Aim This study investigated the correlation between chalazion, regarding its size, site and location, and different types of refractive errors, as well as high-order aberrations in Egyptian patients. Patients and methods This is a cross-sectional study which compared 53 eyes from 48 patients having eyelid chalazion with 43 eyes of age-matched control group. Chalazion was classified according to size, site, and location. Refraction was done using an autorefractokeratometer. Corneal topography and aberrations were done using a Scheimpflug topographer. Results The third-order aberration (coma Z31) and fourth-order aberration (secondary astigmatism Z42) were higher in the chalazion group compared with the control group (P=0.035 and 0.035, respectively). Lower lid chalazia showed higher Esafoil aberration Z66 than both upper lid and control group (P=0.015 and 0.001, respectively). In addition, the large-sized chalazion group showed a significant increase in Esafoil aberration Z66 than the small-sized group and the control group (P=0.004 and 0.003, respectively). No difference was observed between the chalazion group and the control group regarding autorefractokeratometer data or topographic data. Conclusion Although the presence of chalazion may not be associated with changes in refraction or corneal astigmatism, it still can cause increase in some high-order aberrations and hence, in the quality of vision. Besides, it is a threat as a source of infection before any surgical procedure. Therefore, it is important to exclude and treat any chalazion before proceeding with any refractive surgery especially wave-front-guided and wave-front-optimized corneal refractive procedures.



How to cite this article:
Swaify IY, El Zawahry OM, Khafagy AA, Salah SH. Effects of chalazion on corneal astigmatism and wave-front aberrations in Egyptian patients.Delta J Ophthalmol 2020;21:82-89


How to cite this URL:
Swaify IY, El Zawahry OM, Khafagy AA, Salah SH. Effects of chalazion on corneal astigmatism and wave-front aberrations in Egyptian patients. Delta J Ophthalmol [serial online] 2020 [cited 2021 Dec 1 ];21:82-89
Available from: http://www.djo.eg.net/text.asp?2020/21/2/82/287462


Full Text



 Introduction



Chalazion is a localized chronic granulomatous inflammation caused by blockage of Meibomian gland ducts, more commonly affecting the upper eyelids [1]. Chalazion is the most prevalent lid disorder in Egyptian patients followed by blepharitis [2]. The range of presentation can vary from a benign, self-limiting nodule to a painful lid swelling complicated by preseptal cellulitis, mechanical ptosis, and/or amblyopia in children [1],[3]. Treatment of chalazion can be either medical by warm compresses and topical antibiotic drops and/or ointment or surgical by incision and curettage with or without intralesional steroid injection [4].

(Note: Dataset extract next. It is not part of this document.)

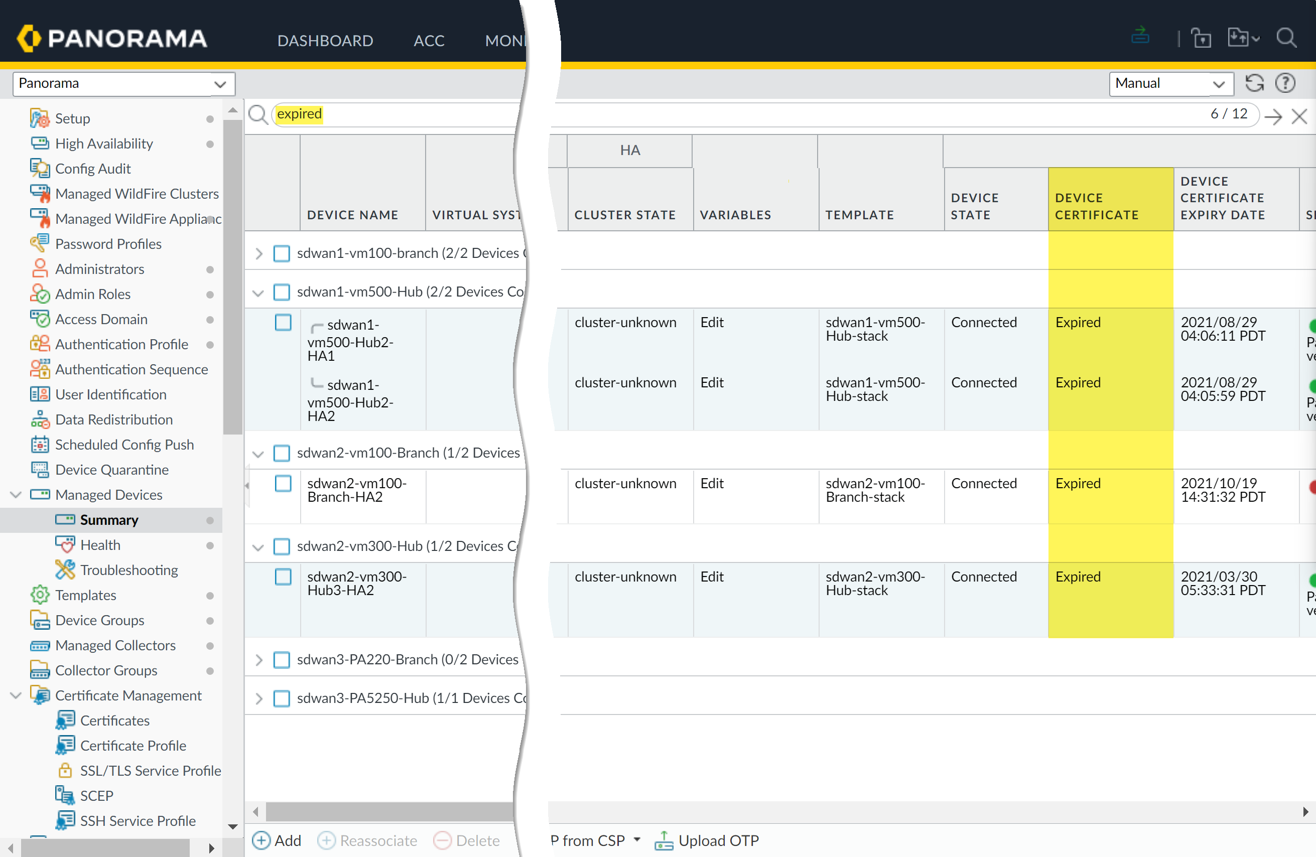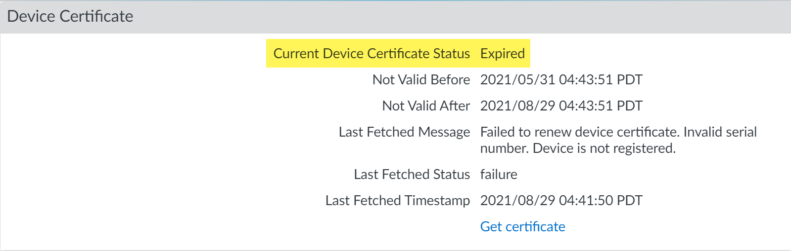 To review the managed firewall device certificate status, select PanoramaManaged FirewallsSummary and filter for expired.The Device Certificate column displays the current Expired device certificate status.
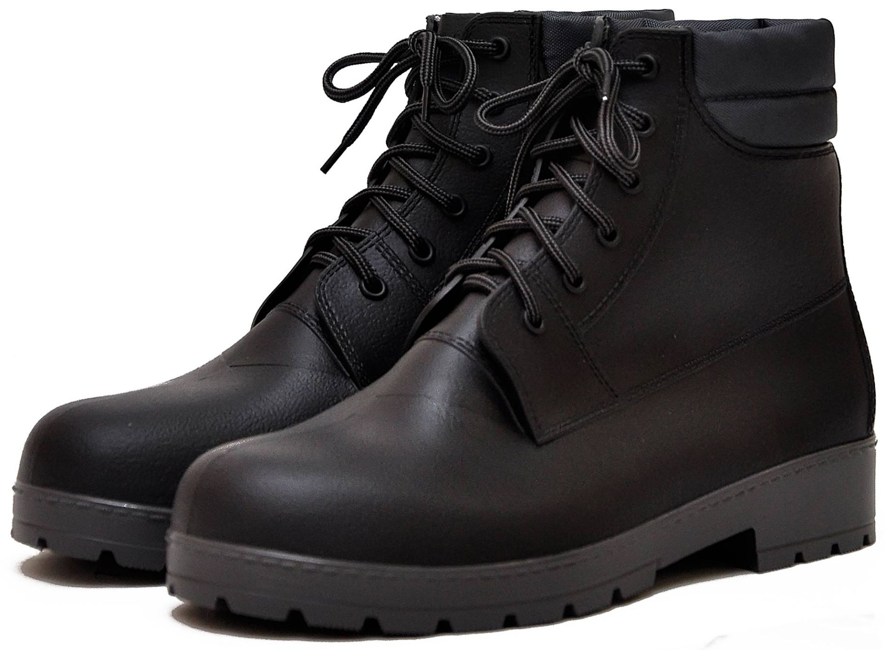 Зовнішня частина виконана з високоякісної гуми, яка завдяки спеціальній обробці зовні практично не відрізняється за виглядом від натуральної шкіри. Для того, щоб забезпечити ногам максимальний рівень комфорту в районі щиколотки передбачено наявність м'якої вставки. Мають товсту підошву з глибоким протектором, який забезпечить ідеальне зчеплення з будь-якою поверхнею і захистить від проколів і порізів.

Pressure caused by a chalazion, especially large-sized chalazion in the upper eyelid, can affect the cornea inducing significant hyperopia, astigmatism, and/or topographic corneal changes [5],[6],[7]. Chalazion excision was reported to reduce corneal astigmatism and is recommended before any refractive procedure [8].

High-order aberrations (HOAs) are subtle, but of great importance as an index for improving the quality of vision [9]. There are numerous HOAs, of which only third-order aberrations, including trefoil and coma and fourth-order aberrations, including spherical and secondary astigmatism, are of clinical interest [10]. The most common method of classifying the shapes of aberrations is Zernike polynomials Znm, where n is the order of aberration and m is the angular frequency [11]. Scheimpflug imaging allows noncontact, rapid, reproducible, and quantitative measurement of refractive errors and HOAs. Scheimpflug analysis includes the anterior segment of the eye using both 360° rotating Scheimpflug camera and a 22-ring Placido’s disc. The device captures the radius of curvatures of the flat and steep meridians on 3.00 mm of the central cornea [11].

Recent studies, but few, have evaluated the effect of chalazion on corneal topography including HOAs. The relationship between the presence of chalazion and changes in refractive errors and/or corneal topography has not been thoroughly investigated, especially among the Egyptian patients. The aim of this study was to investigate the correlation between the presence of chalazia and different types of refractive errors, as well as HOAs in Egyptian patients.

 Patients and methods



The study followed the tenets of the Declaration of Helsinki and was approved as a thesis by the Ethics Committee of the Ophthalmology Department in Cairo University. The current study is a cross-sectional study which included 106 eyes of 53 patients. Patients were recruited from the Ophthalmology Outpatient Clinics in Kasr Al Ainy Hospital in the period from July 2017 till December 2017. All participants signed a written informed consent to participate in the study and for publication of data before enrollment into the study. Fifty-three eyes of 48 patients with an eyelid chalazion (43 unilateral and five bilateral) were included in the chalazion group. The control group included the contralateral normal 43 eyes of patients and 10 eyes from five age-matched normal controls.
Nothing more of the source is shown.